PROBLEM STATEMENT
Output each of the entries exactly, skipping every picture they contain.

PROVIDED RECORDS
__________

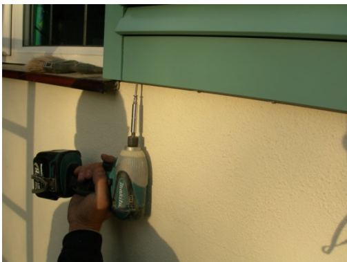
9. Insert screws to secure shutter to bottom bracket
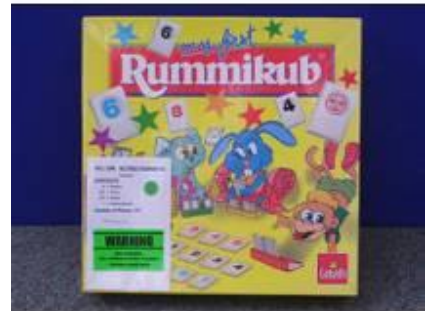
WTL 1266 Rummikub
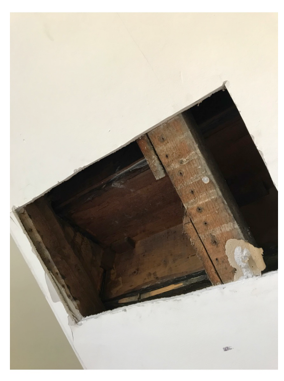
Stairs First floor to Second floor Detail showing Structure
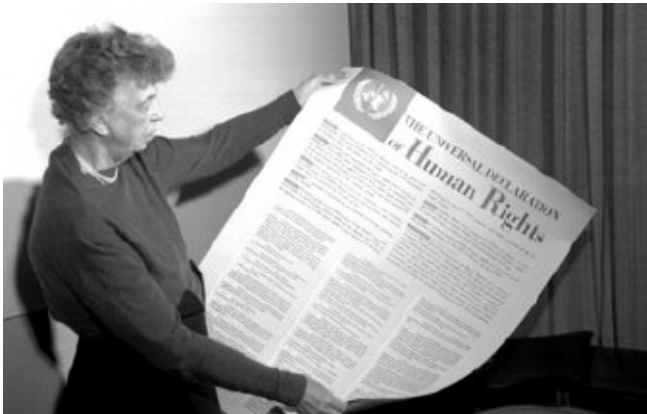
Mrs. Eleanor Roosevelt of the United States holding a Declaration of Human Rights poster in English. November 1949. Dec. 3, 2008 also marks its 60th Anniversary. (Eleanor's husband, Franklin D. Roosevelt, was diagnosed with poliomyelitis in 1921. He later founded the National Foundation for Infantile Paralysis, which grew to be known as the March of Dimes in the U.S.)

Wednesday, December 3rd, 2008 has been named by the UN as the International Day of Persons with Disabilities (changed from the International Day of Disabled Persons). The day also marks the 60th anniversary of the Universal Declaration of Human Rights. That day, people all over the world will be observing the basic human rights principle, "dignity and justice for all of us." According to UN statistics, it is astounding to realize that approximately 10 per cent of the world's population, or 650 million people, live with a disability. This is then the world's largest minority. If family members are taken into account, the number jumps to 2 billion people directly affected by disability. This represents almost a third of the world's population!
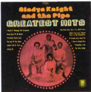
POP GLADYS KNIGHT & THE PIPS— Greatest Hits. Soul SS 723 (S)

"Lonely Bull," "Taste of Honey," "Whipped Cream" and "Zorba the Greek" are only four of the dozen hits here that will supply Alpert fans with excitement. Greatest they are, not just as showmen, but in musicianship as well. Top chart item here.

__________

EXPECTED OUTPUT
9. Insert screws to secure shutter to bottom bracket
WTL 1266 Rummikub
Stairs First floor to Second floor Detail showing Structure
Mrs. Eleanor Roosevelt of the United States holding a Declaration of Human Rights poster in English. November 1949. Dec. 3, 2008 also marks its 60th Anniversary. (Eleanor's husband, Franklin D. Roosevelt, was diagnosed with poliomyelitis in 1921. He later founded the National Foundation for Infantile Paralysis, which grew to be known as the March of Dimes in the U.S.)

Wednesday, December 3rd, 2008 has been named by the UN as the International Day of Persons with Disabilities (changed from the International Day of Disabled Persons). The day also marks the 60th anniversary of the Universal Declaration of Human Rights. That day, people all over the world will be observing the basic human rights principle, "dignity and justice for all of us." According to UN statistics, it is astounding to realize that approximately 10 per cent of the world's population, or 650 million people, live with a disability. This is then the world's largest minority. If family members are taken into account, the number jumps to 2 billion people directly affected by disability. This represents almost a third of the world's population!
POP GLADYS KNIGHT & THE PIPS— Greatest Hits. Soul SS 723 (S)

"Lonely Bull," "Taste of Honey," "Whipped Cream" and "Zorba the Greek" are only four of the dozen hits here that will supply Alpert fans with excitement. Greatest they are, not just as showmen, but in musicianship as well. Top chart item here.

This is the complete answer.